It is true that cell-free protein synthesis works with genetic materials such as plasmid DNA but also with PCR-amplified linear DNA sequences. However, when cell-free expression assays started with PCR fragments, the expression yields were much lower than from plasmid DNA. This was due to the DNase activity present in the cell extract that decreased the lifetime of linear DNA. However, as protein production from PCR-products was already much faster due to the elimination of cloning, screening and selection steps, several approaches have been investigated to improve productivity by decreasing linear DNA degradation or by stabilizing mRNA (Lee et al., 2018; Schinn et al. 2016).
One such approach is to remove gene encoding endonuclease I and exonuclease V, two major nucleases of double-stranded DNA, from the genome of E. coli strain used for cell extract preparation (Michel-Reydellet et al., 2005). In this approach, endA gene encoding for endonuclease I was suppressed and the recCBD operon, which is part of the E. coli recombination system and encodes for the exonuclease V, was replaced by the lambda phage Red recombination system. Bacterial growth rate was not affected by these mutations and PCR product stability was increased. As a result, CAT (chloramphenicol acetyltransferase) was produced with similar yields (500-600 µg/mL) from PCR products or from plasmids.

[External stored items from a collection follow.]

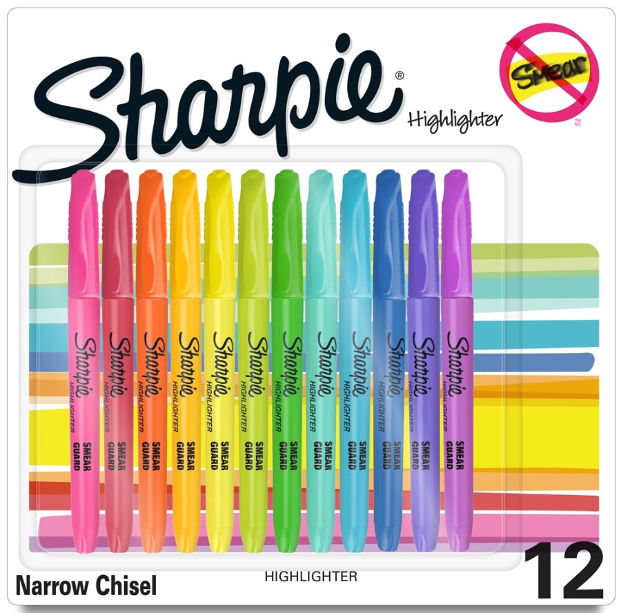 • Super slim so they’re easy to control, light on your hands and easy to store, Sharpie Pocket highlighters are perfect for all-day study sessions
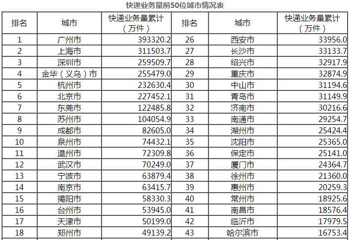 2017年,全國快遞服務企業業務量累計完成400.6億件,同比增長28%;業務收入累計完成4957.1億元,同比增長24.7%。其中,同城業務量累計完成92.7億件,同比增長25%;異地業務量累計完成299.6億件,同比增長28.9%;國際/港澳臺業務量累計完成8.3億件,同比增長33.8%。
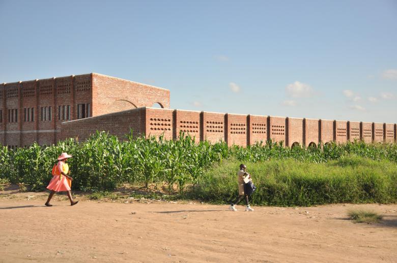 Hired by a former residential client who wanted to create a memorial to their late father, Sanjay Puri Architects designed the Nokha Village Community Centre as a building that integrates with its landscape to create additional usable space beyond its small enclosed footprint. These spaces include a sheltered courtyard and amphitheatre in the center of the building's swirling footprint, and a rooftop garden that ramps up from the plaza fronting the building. Furthermore, sun and climate impacted the building's form, with the courtyard oriented toward the north to provide shade, earth berms on three sides mitigating heat gain, and the grass roof also reducing heat gain.

Other approaches improved productivity using linear DNA templates: for example the addition of bacteriophage lambda Gam protein, an inhibitor of RecBCD protein (Sitaraman et al., 2004) or the introduction of chi-sites in linear DNA. Since RecBCD stops on DNA chi-sites as part of homologous recombination (Marshall et al., 2017), both strategies increased the stability of the linear DNA in the bacterial cell extract.

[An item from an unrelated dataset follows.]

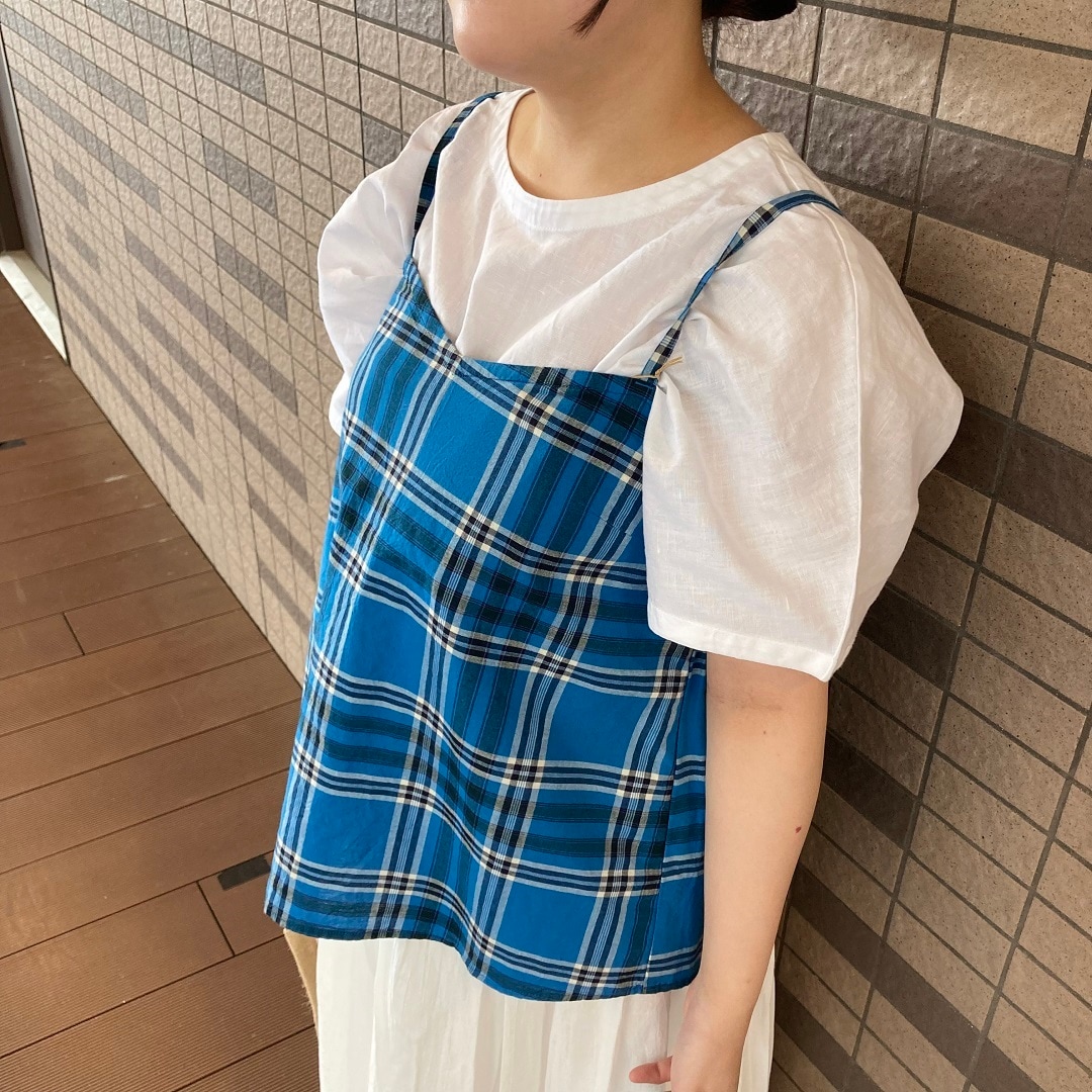 キャミソールブラウスをヘンプのブラウスと合わせて可愛らしくしてみました。
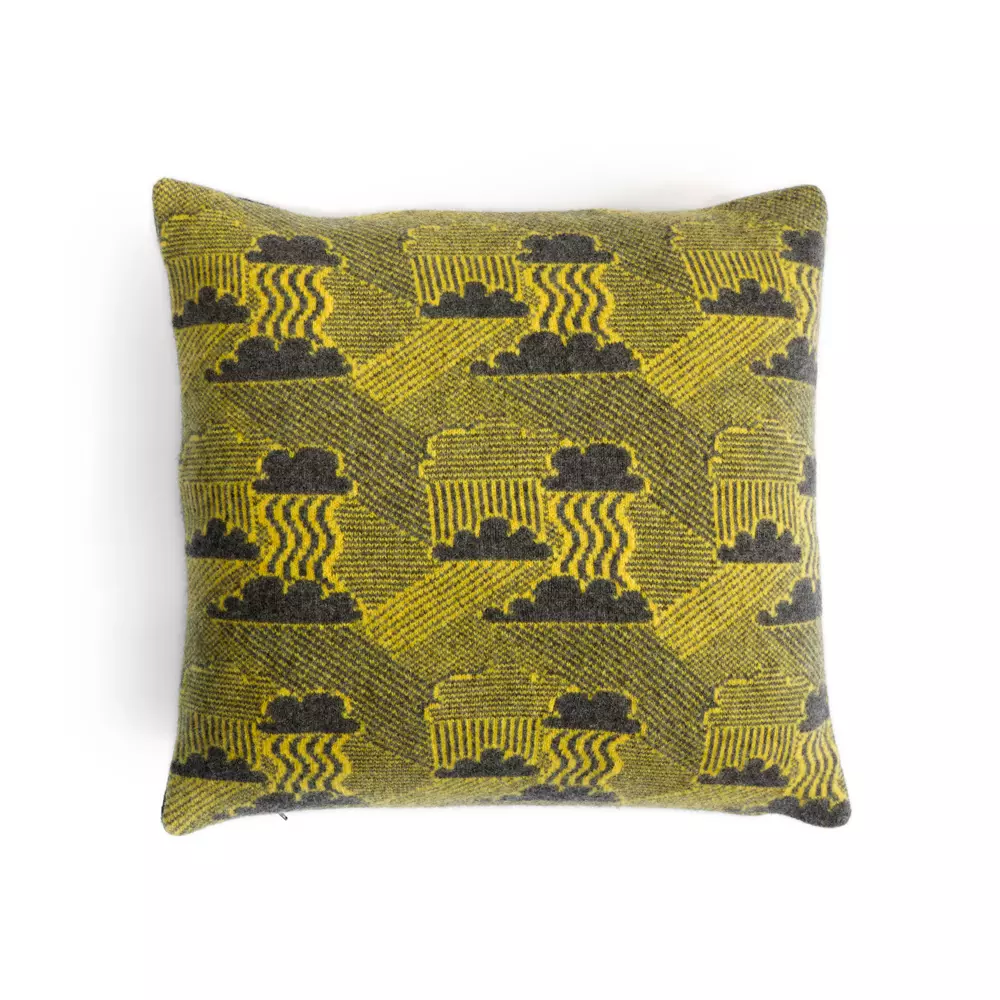A yellow and soft grey cushion featuring beautifully knitted imagery of clouds, rain and sunbeams. Each cushion is handmade in our Brighton studio from non-mulesed Scottish spun lambswool and filled with a duck feather pad.

Prolonging the lifetime of the mRNA is another approach that aims to improve productivity when using PCR products. By preparing a cell extract lacking RNase E activity and introducing a stem-loop structure at the 3’-end of the mRNA (Ahn et al., 2005), mRNA were protected from endonucleases and exonucleases, mRNA half-lives were significantly prolonged and translation occurred even with the rapid degradation of DNA template. CAT was produced at 685 µg/mL, a yield comparable to that observed when using plasmid DNA.

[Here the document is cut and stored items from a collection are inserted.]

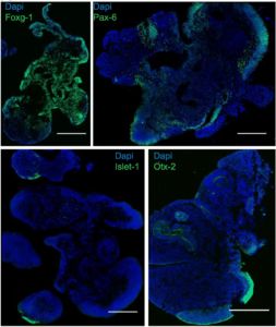 在他们研究的两种方案中,一个共同的重要步骤是搅拌干细胞的悬浮液,这个步骤会影响营养物的混合和施加于细胞的剪切应力水平。然而,在这两种方法中,研究人员通过使用轨道振动器或称为SpinΩ的3D打印旋转设备来实现这一点。通过测试不同的条件并进行计算流体动力学分析,研究人员确定使用标准轨道振动器并按照他们的建议进行修改不仅可行而且有效。他们还发现,在培养30天后,类器官产生了大脑不同区域的标志物,表明干细胞已经发育为大脑中的一系列细胞类型。这表明作者所用的方法可以用来开发模型用于研究大脑的分散区域以及影响它们的过程,并且比以前的方法更准确。
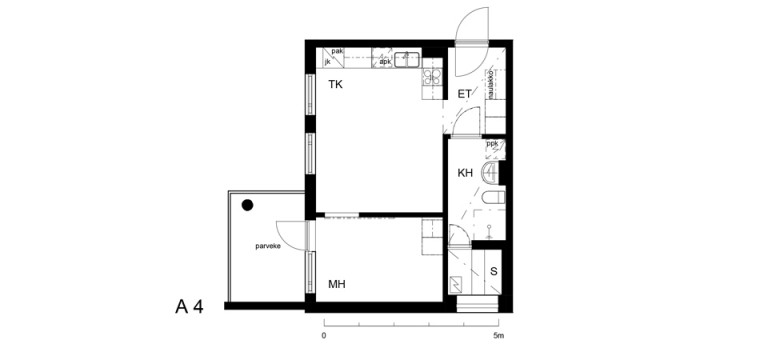 Huoneistotyyppi: 1 h + tupak + s + p
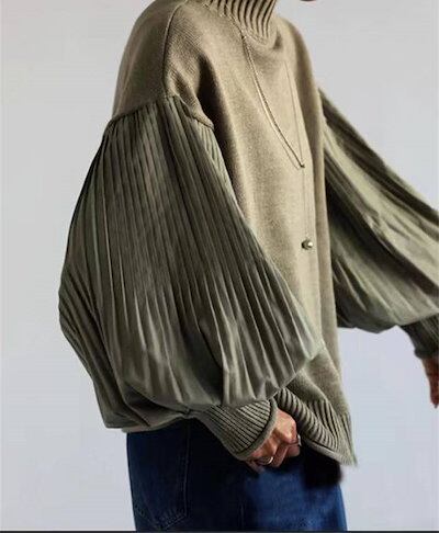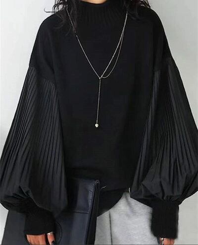 タートルネック セーター レディース トップス ドッキング 長袖 無地 秋冬 プリーツ 春 秋 冬 リブ リブニット ニットセーター おしゃれ プルオーバー オフィス ゆったり リラックス シンプル | gizshop
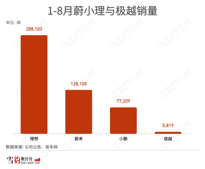这些措施一定程度上提振了销量。8月,极越交付了2117辆汽车,创年内月交付新高。但相比于头部新造车品牌,极越仍有不小差距。
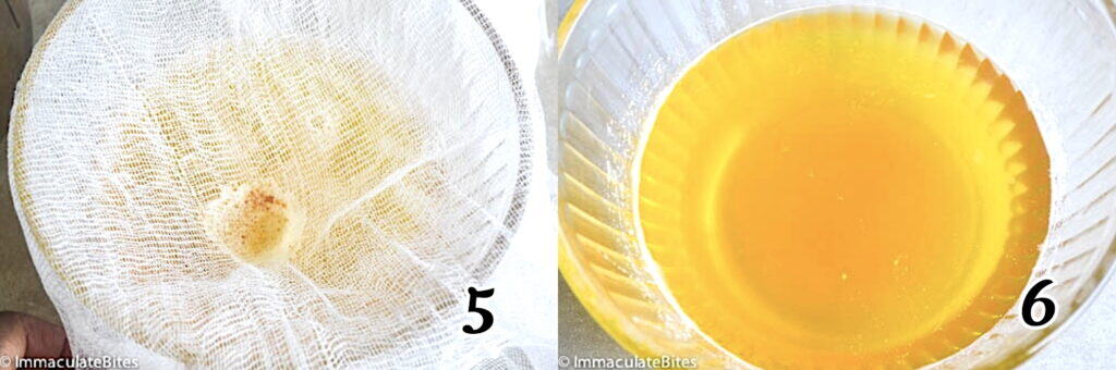 - Pour it through a cheesecloth or sieve to remove the milk solids. (Photo 5)

Thus, the enhanced productivity in cell-free systems, using PCR fragments, enables its use as a high-throughput tool to screen libraries or engineered proteins. Indeed, the proteins can be rapidly produced from a linear PCR product through microscale reactions allowing high throughput screening of a protein library in 384 well-plates format, as well as by using plasmids. These protocols can be automated with the use of a liquid handling robot but can also be performed manually.
Ahn J.H., Chu H.S., Kim T.W., Oh I.S., Choi C.Y., Hahn G.H., Park C.G., Kim D.M. 2005. Cell-free synthesis of recombinant proteins from PCR-amplified genes at a comparable productivity to that of plasmid-based reactions. Biochemical and Biophysical Research Communications 338:1346–1352.
Lee K.H., Kim D.M. 2018. Recent advances in development of cell-free protein synthesis systems for fast and efficient production of recombinant proteins. FEMS Microbiology Letters 365(17):1-7.
Marshall R., Maxwell C.S., Collins S.P., Beisel C.L., Noireaux V. 2017. Short DNA containing chi sites enhances DNA stability and gene expression in E. coli cell-free transcription-translation systems. Biotechnology and Bioengineering 114:2137–2141.
Michel-Reydellet N., Woodrow K., Swartz J. 2005. Increasing PCR Fragment Stability and Protein Yields in a Cell-Free System with Genetically Modified Escherichia coli Extracts. Journal of Molecular Microbiology and Biotechnology 9:26–34.
Schinn S.M., Broadbent A., Bradley W.T., Bundy B.C. 2016. Protein Synthesis Directly from PCR: Progress and Applications of Cell-Free Protein Synthesis with Linear DNA. New Biotechnology 33(4):480-7.
Seki E., Matsuda N., Yokoyama S., Kigawa T. 2008. Cell-free protein synthesis system from Escherichia coli cells cultured at decreased temperatures improves productivity by decreasing DNA template degradation. Analytical Biochemistry 377:156–161.
Sitaraman K., Esposito D., Klarmann G., Le Grice S.F., Hartley J.L., Chatterjee D.K. 2004. A novel cell-free protein synthesis system. Journal of Biotechnology. 110(3):257-63.